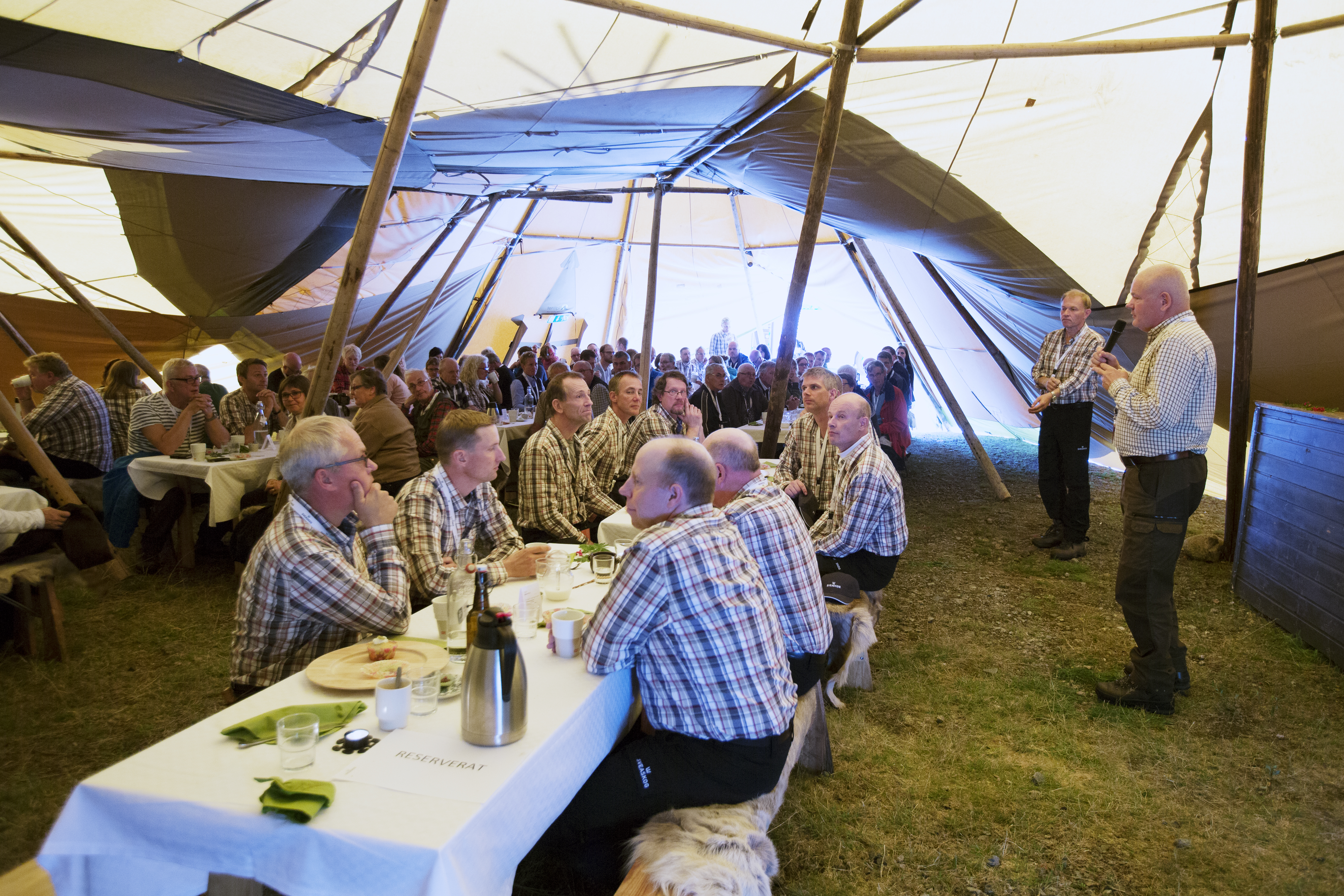 - Beskrivning: Stefan Bleckert pratar, Invigning av Ekopark Piteälven och Varjisån, lunch, På menyn stod bland annat, björkkryddade sticks med tall- och granskottsdipp, kallrökt öring, gravat reninnanlår och skvattramkryddad älgstek.
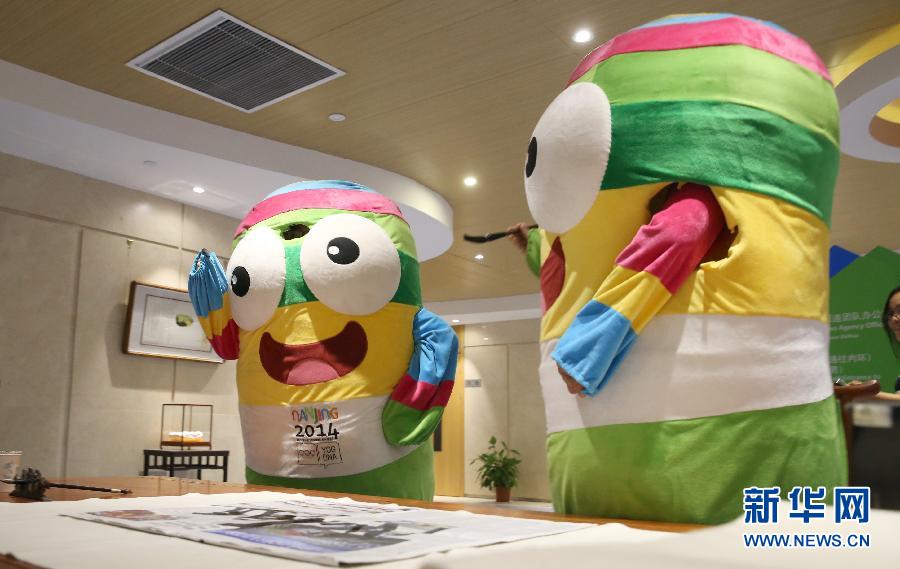 8月19日,南京青奥会吉祥物“砳砳”来到主新闻中心,在这里一展书法技艺。 新华社记者曹灿摄
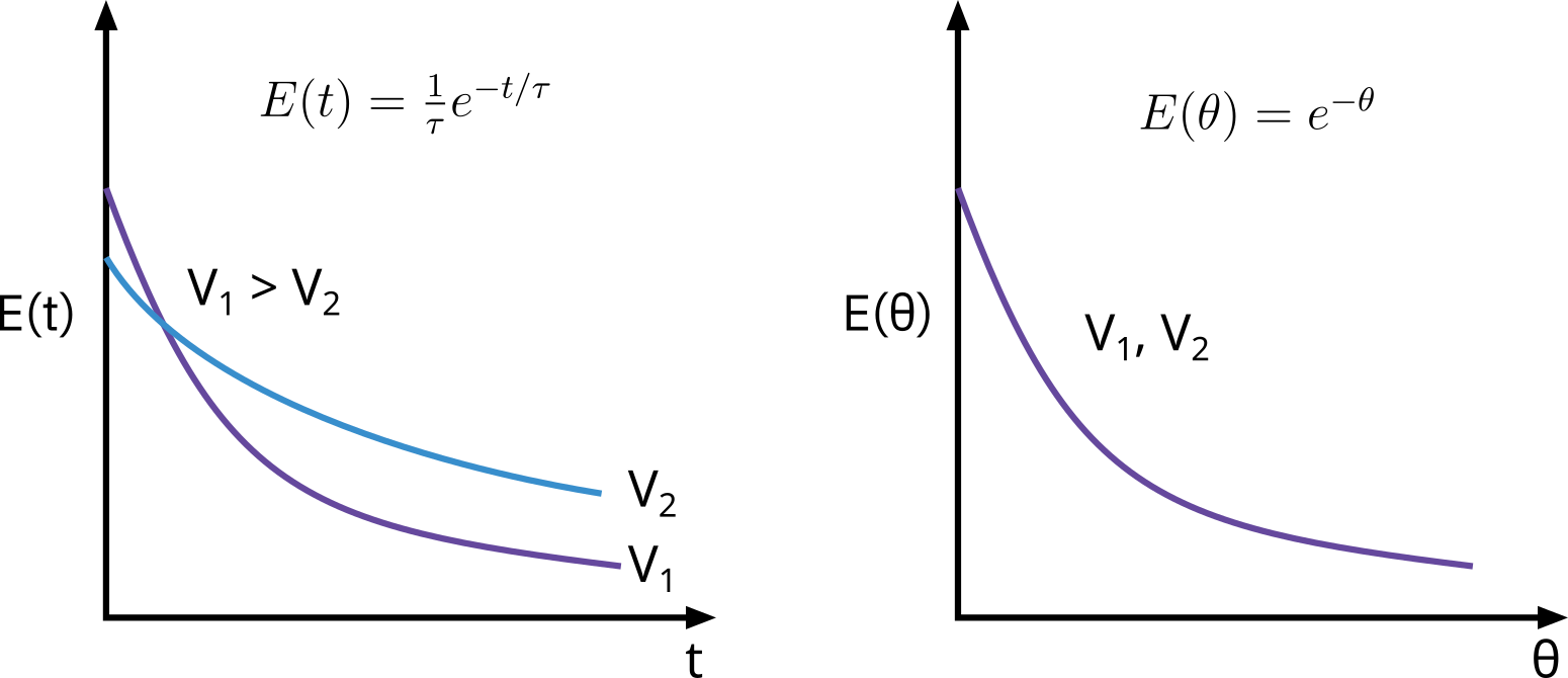 E(θ)=e−θwhereθ=τt;E(θ)=τE(t)
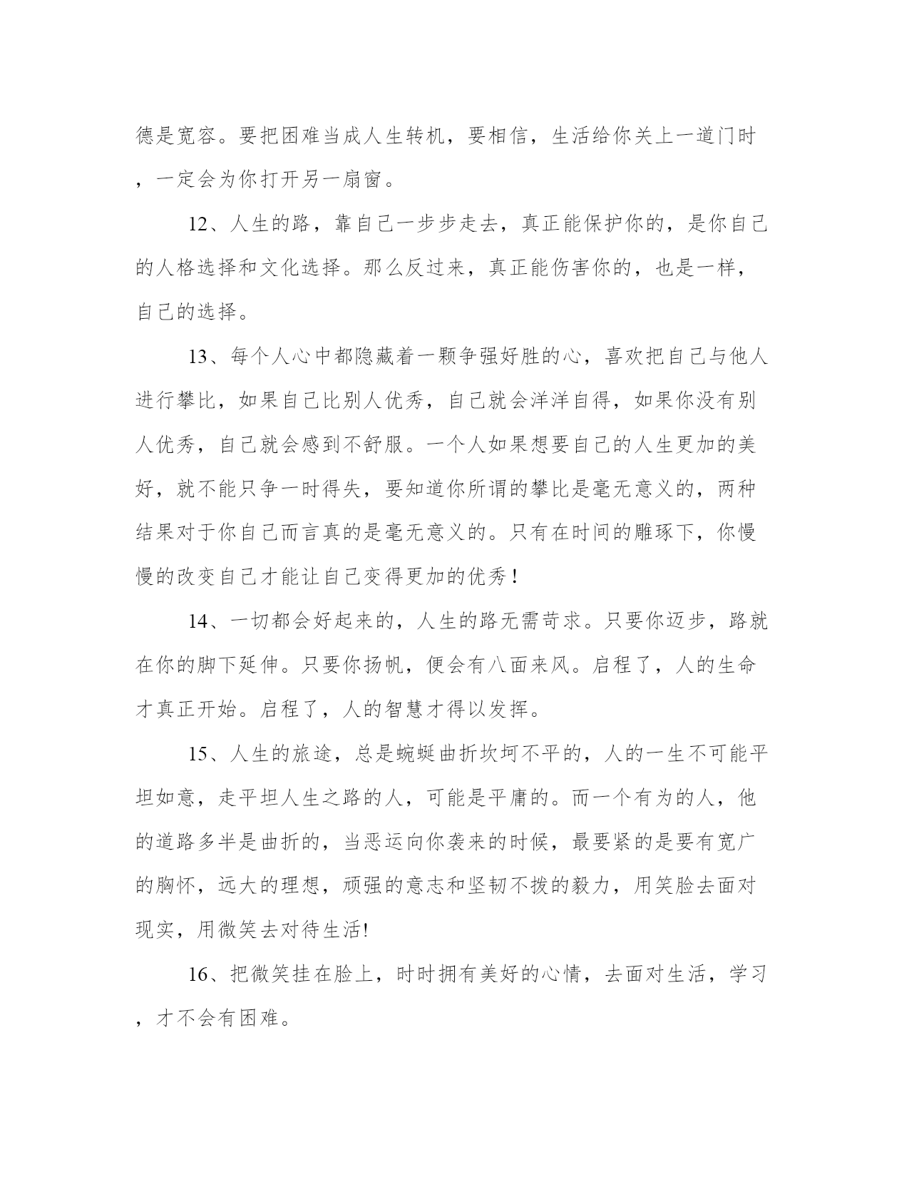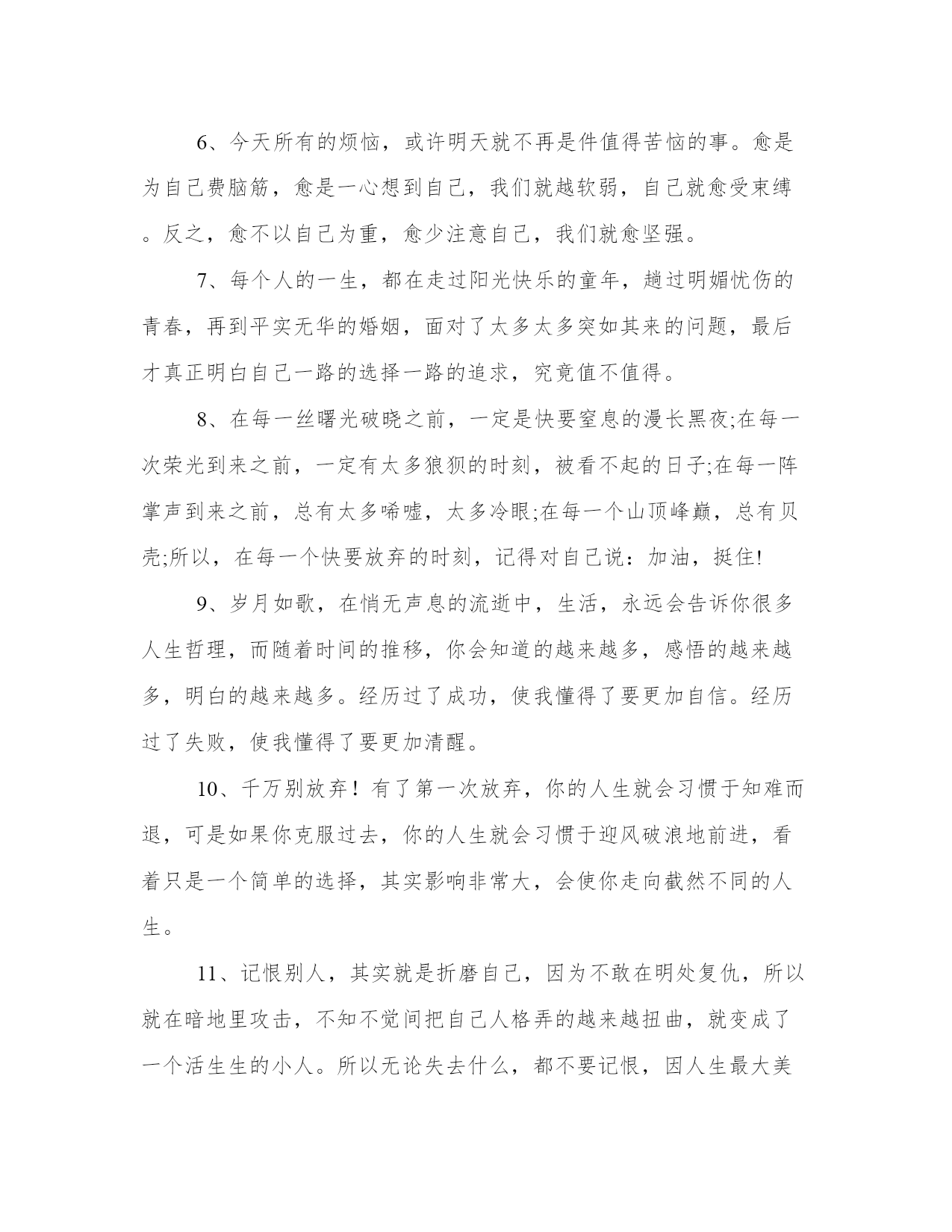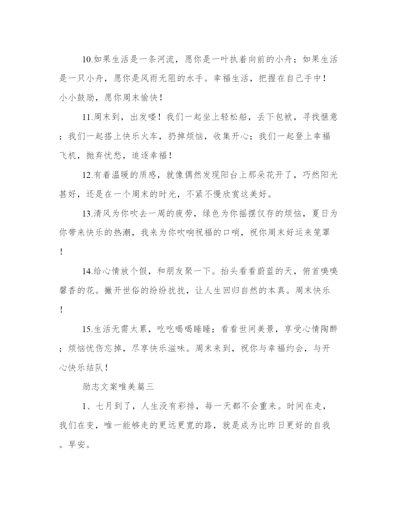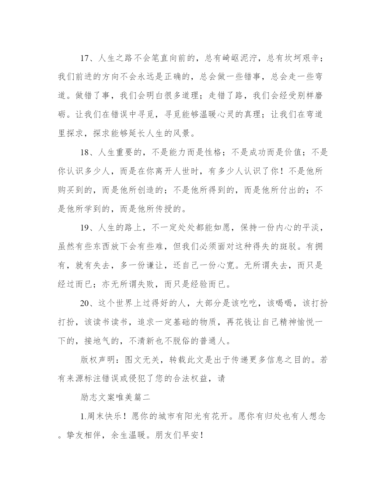 最新励志文案唯美(模板15篇)"总结是对我们经历的一段时期进行梳理和总结的过程,能够帮助我们更好地认识自己。"在写总结之前,要对所总结的内容有一个清晰的认识,确定总结的重点和要点。以下是一些总结的范文,供大家参考和学习。励志文案唯美篇一1、不求锁定结局,只求曾经努力;不求事事顺意,只求心情美丽;不求左右别人,只求善待自己;不求马到成功,只求坚定不移。2、时光从来不等人,只有人去等时光,不要相信该是自己终该是自己的,不去争取不去把握的话,永远都不会有机会。3、在彻底没有指望的时候,在永远没有结果的时候,一定要懂得放弃。如果它流动,就让它悄悄溜走;如果它汹涌,就让它静静干涸;如果它生长,就让它慢慢凋零。4、路,就在那儿。或许是迈上一步。两步。三步。就是可以到达。第一步认识,第二部理解,第三部体会,我们在路上。那一闪一闪的星星仿佛在拍摄我们的路途,那是在记录美好的点点滴滴。5、人最大的对手,往往不是别人,而是自己的懒惰。别指望撞大运,运气不可能永远在你身上,任何时候都要靠本事吃饭。你必须拼尽全力,才有资格说自己的运气不好。6、今天所有的烦恼,或许明天就不再是件值得苦恼的事。愈是为自己费脑筋,愈是一心想到自己,我们就越软弱,自己就愈受束缚。反之,愈不以自己为重,愈少注意自己,我们就愈坚强。7、每个人的一生,都在走过阳光快乐的童年,趟过明媚忧伤的青春,再到平实无华的婚姻,面对了太多太多突如其来的问题,最后才真正明白自己一路的选择一路的追求,究竟值不值得。8、在每一丝曙光破晓之前,一定是快要窒息的漫长黑夜;在每一次荣光到来之前,一定有太多狼狈的时刻,被看不起的日子;在每一阵掌声到来之前,总有太多唏嘘,太多冷眼;在每一个山顶峰巅,总有贝壳;所以,在每一个快要放弃的时刻,记得对自己说:加油,挺住!9、岁月如歌,在悄无声息的流逝中,生活,永远会告诉你很多人生哲理,而随着时间的推移,你会知道的越来越多,感悟的越来越多,明白的越来越多。经历过了成功,使我懂得了要更加自信。经历过了失败,使我懂得了要更加清醒。10、千万别放弃!有了第一次放弃,你的人生就会习惯于知难而退,可是如果你克服过去,你的人生就会习惯于迎风破浪地前进,看着只是一个简单的选择,其实影响非常大,会使你走向截然不同的人生。11、记恨别人,其实就是折磨自己,因为不敢在明处复仇,所以就在暗地里攻击,不知不觉间把自己人格弄的越来越扭曲,就变成了一个活生生的小人。所以无论失去什么,都不要记恨,因人生最大美德是宽容。要把困难当成人生转机,要相信,生活给你关上一道门时,一定会为你打开另一扇窗。12、人生的路,靠自己一步步走去,真正能保护你的,是你自己的人格选择和文化选择。那么反过来,真正能伤害你的,也是一样,自己的选择。13、每个人心中都隐藏着一颗争强好胜的心,喜欢把自己与他人进行攀比,如果自己比别人优秀,自己就会洋洋自得,如果你没有别人优秀,自己就会感到不舒服。一个人如果想要自己的人生更加的美好,就不能只争一时得失,要知道你所谓的攀比是毫无意义的,两种结果对于你自己而言真的是毫无意义的。只有在时间的雕琢下,你慢慢的改变自己才能让自己变得更加的优秀!14、一切都会好起来的,人生的路无需苛求。只要你迈步,路就在你的脚下延伸。只要你扬帆,便会有八面来风。启程了,人的生命才真正开始。启程了,人的智慧才得以发挥。15、人生的旅途,总是蜿蜒曲折坎坷不平的,人的一生不可能平坦如意,走平坦人生之路的人,可能是平庸的。而一个有为的人,他的道路多半是曲折的,当恶运向你袭来的时候,最要紧的是要有宽广的胸怀,远大的理想,顽强的意志和坚韧不拨的毅力,用笑脸去面对现实,用微笑去对待生活!16、把微笑挂在脸上,时时拥有美好的心情,去面对生活,学习,才不会有困难。17、人生之路不会笔直向前的,总有崎岖泥泞,总有坎坷艰辛;我们前进的方向不会永远是正确的,总会做一些错事,总会走一些弯道。做错了事,我们会明白很多道理;走错了路,我们会经受别样磨砺。让我们在错误中寻觅,寻觅能够温暖心灵的真理;让我们在弯道里探求,探求能够延长人生的风景。18、人生重要的,不是能力而是性格;不是成功而是价值;不是你认识多少人,而是在你离开人世时,有多少人认识了你!不是他所购买到的,而是他所创造的;不是他所得到的,而是他所付出的;不是他所学到的,而是他所传授的。19、人生的路上,不一定处处都能如愿,保持一份内心的平淡,虽然有些东西放下会有些难,但我们必须面对这种得失的斑驳。有拥有,就有失去,多一份谦让,还自己一份心宽。无所谓失去,而只是经过而已;亦无所谓失败,而只是经验而已。20、这个世界上过得好的人,大部分是该吃吃,该喝喝,该打扮打扮,该读书读书,追求一定基础的物质,再花钱让自己精神愉悦一下的,接地气的,不清
··········
YOUR GOAL: Please output the data above exactly as given, omitting every picture.

WRITTEN SOLUTION:
 - Beskrivning: Stefan Bleckert pratar, Invigning av Ekopark Piteälven och Varjisån, lunch, På menyn stod bland annat, björkkryddade sticks med tall- och granskottsdipp, kallrökt öring, gravat reninnanlår och skvattramkryddad älgstek.
 8月19日,南京青奥会吉祥物“砳砳”来到主新闻中心,在这里一展书法技艺。 新华社记者曹灿摄
 E(θ)=e−θwhereθ=τt;E(θ)=τE(t)
 最新励志文案唯美(模板15篇)"总结是对我们经历的一段时期进行梳理和总结的过程,能够帮助我们更好地认识自己。"在写总结之前,要对所总结的内容有一个清晰的认识,确定总结的重点和要点。以下是一些总结的范文,供大家参考和学习。励志文案唯美篇一1、不求锁定结局,只求曾经努力;不求事事顺意,只求心情美丽;不求左右别人,只求善待自己;不求马到成功,只求坚定不移。2、时光从来不等人,只有人去等时光,不要相信该是自己终该是自己的,不去争取不去把握的话,永远都不会有机会。3、在彻底没有指望的时候,在永远没有结果的时候,一定要懂得放弃。如果它流动,就让它悄悄溜走;如果它汹涌,就让它静静干涸;如果它生长,就让它慢慢凋零。4、路,就在那儿。或许是迈上一步。两步。三步。就是可以到达。第一步认识,第二部理解,第三部体会,我们在路上。那一闪一闪的星星仿佛在拍摄我们的路途,那是在记录美好的点点滴滴。5、人最大的对手,往往不是别人,而是自己的懒惰。别指望撞大运,运气不可能永远在你身上,任何时候都要靠本事吃饭。你必须拼尽全力,才有资格说自己的运气不好。6、今天所有的烦恼,或许明天就不再是件值得苦恼的事。愈是为自己费脑筋,愈是一心想到自己,我们就越软弱,自己就愈受束缚。反之,愈不以自己为重,愈少注意自己,我们就愈坚强。7、每个人的一生,都在走过阳光快乐的童年,趟过明媚忧伤的青春,再到平实无华的婚姻,面对了太多太多突如其来的问题,最后才真正明白自己一路的选择一路的追求,究竟值不值得。8、在每一丝曙光破晓之前,一定是快要窒息的漫长黑夜;在每一次荣光到来之前,一定有太多狼狈的时刻,被看不起的日子;在每一阵掌声到来之前,总有太多唏嘘,太多冷眼;在每一个山顶峰巅,总有贝壳;所以,在每一个快要放弃的时刻,记得对自己说:加油,挺住!9、岁月如歌,在悄无声息的流逝中,生活,永远会告诉你很多人生哲理,而随着时间的推移,你会知道的越来越多,感悟的越来越多,明白的越来越多。经历过了成功,使我懂得了要更加自信。经历过了失败,使我懂得了要更加清醒。10、千万别放弃!有了第一次放弃,你的人生就会习惯于知难而退,可是如果你克服过去,你的人生就会习惯于迎风破浪地前进,看着只是一个简单的选择,其实影响非常大,会使你走向截然不同的人生。11、记恨别人,其实就是折磨自己,因为不敢在明处复仇,所以就在暗地里攻击,不知不觉间把自己人格弄的越来越扭曲,就变成了一个活生生的小人。所以无论失去什么,都不要记恨,因人生最大美德是宽容。要把困难当成人生转机,要相信,生活给你关上一道门时,一定会为你打开另一扇窗。12、人生的路,靠自己一步步走去,真正能保护你的,是你自己的人格选择和文化选择。那么反过来,真正能伤害你的,也是一样,自己的选择。13、每个人心中都隐藏着一颗争强好胜的心,喜欢把自己与他人进行攀比,如果自己比别人优秀,自己就会洋洋自得,如果你没有别人优秀,自己就会感到不舒服。一个人如果想要自己的人生更加的美好,就不能只争一时得失,要知道你所谓的攀比是毫无意义的,两种结果对于你自己而言真的是毫无意义的。只有在时间的雕琢下,你慢慢的改变自己才能让自己变得更加的优秀!14、一切都会好起来的,人生的路无需苛求。只要你迈步,路就在你的脚下延伸。只要你扬帆,便会有八面来风。启程了,人的生命才真正开始。启程了,人的智慧才得以发挥。15、人生的旅途,总是蜿蜒曲折坎坷不平的,人的一生不可能平坦如意,走平坦人生之路的人,可能是平庸的。而一个有为的人,他的道路多半是曲折的,当恶运向你袭来的时候,最要紧的是要有宽广的胸怀,远大的理想,顽强的意志和坚韧不拨的毅力,用笑脸去面对现实,用微笑去对待生活!16、把微笑挂在脸上,时时拥有美好的心情,去面对生活,学习,才不会有困难。17、人生之路不会笔直向前的,总有崎岖泥泞,总有坎坷艰辛;我们前进的方向不会永远是正确的,总会做一些错事,总会走一些弯道。做错了事,我们会明白很多道理;走错了路,我们会经受别样磨砺。让我们在错误中寻觅,寻觅能够温暖心灵的真理;让我们在弯道里探求,探求能够延长人生的风景。18、人生重要的,不是能力而是性格;不是成功而是价值;不是你认识多少人,而是在你离开人世时,有多少人认识了你!不是他所购买到的,而是他所创造的;不是他所得到的,而是他所付出的;不是他所学到的,而是他所传授的。19、人生的路上,不一定处处都能如愿,保持一份内心的平淡,虽然有些东西放下会有些难,但我们必须面对这种得失的斑驳。有拥有,就有失去,多一份谦让,还自己一份心宽。无所谓失去,而只是经过而已;亦无所谓失败,而只是经验而已。20、这个世界上过得好的人,大部分是该吃吃,该喝喝,该打扮打扮,该读书读书,追求一定基础的物质,再花钱让自己精神愉悦一下的,接地气的,不清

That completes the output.